Alana öğretmen yetiştirilmesine yönelik en köklü girişim ise, 1932-1933
öğretim yılında Gazi Orta Muallim Mektebi ve Terbiye Enstitüsünde öğrenim süresi
üç yıl olan Resim-İş şubesinin açılmasıdır. Böylece, Türkiye’de ilk kez resim
öğretmeni yetiştiren bir kurum oluşturulmuştur. Daha sonra Gazi Eğitim Enstitüsü
Resim-İş Bölümü adını alacak olan kurumun 1932 tarihli ilk programı, bölüm
başkanı olan İsmail Hakkı Tonguç’la birlikte bölüm öğretmenleri tarafından
hazırlanmıştır. Daha sonra, 1945’te Balıkesir, 1948’de İstanbul, 1958’de
Bursa’da eğitim enstitüleri açılmış ve bunları diğerleri izlemiştir. Kurumun
programlarında yapılan değişiklikler içinde en köklü olanları; bölümün öğretim
elemanları tarafından hazırlanan 1963, 1974, 1988 tarihli programlar ile
Yükseköğretim Kurulu Başkanlığı tarafından uygulamaya konan ve halen yürürlükte
olan 1998 tarihli programdır. Sanat eğitimi tarihimizde, sanat eğitimbiliminin gelişimine öncülük eden bir
kurum olarak Ankara Üniversitesi Eğitim Bilimleri Fakültesi Güzel Sanatlar
Eğitimi Kürsüsünün önemli bir yeri vardır. 1965’de oluşturulan kürsü, 1981’de
bölüme dönüştürülmüştür.

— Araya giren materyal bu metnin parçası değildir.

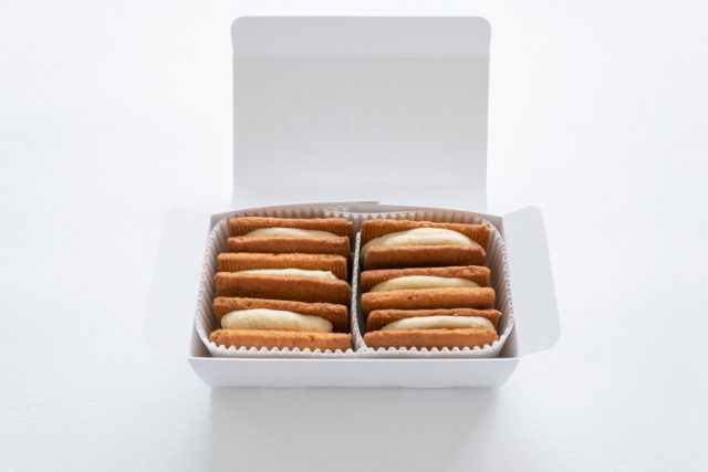 サブレの間に挟むバタークリームは「焼く・焦がす・溶かす」加工を終えた素材を組み立てる「焼かないバターケーキ」で培った独自の製法で、素材としてのバターから食べるバターへと昇華。

Güzel Sanatlar Eğitimi Bölümünde, kuramsal nitelikte
sanat eğitimi dersleri verilmiş, lisans, yüksek lisans, doktora programları ile
tez ve seminer çalışmaları yapılmıştır. 1998 yılında YÖK’ün eğitim fakültelerini
yeniden yapılandırma girişiminde bölümün, Eğitim Bilimleri Fakültesi Güzel
Sanatlar Eğitimi Bölümünün bilim dalı düzeyine indirilmesi, sanat
eğitimbiliminin gelişimi açısından önemli bir kayıptır.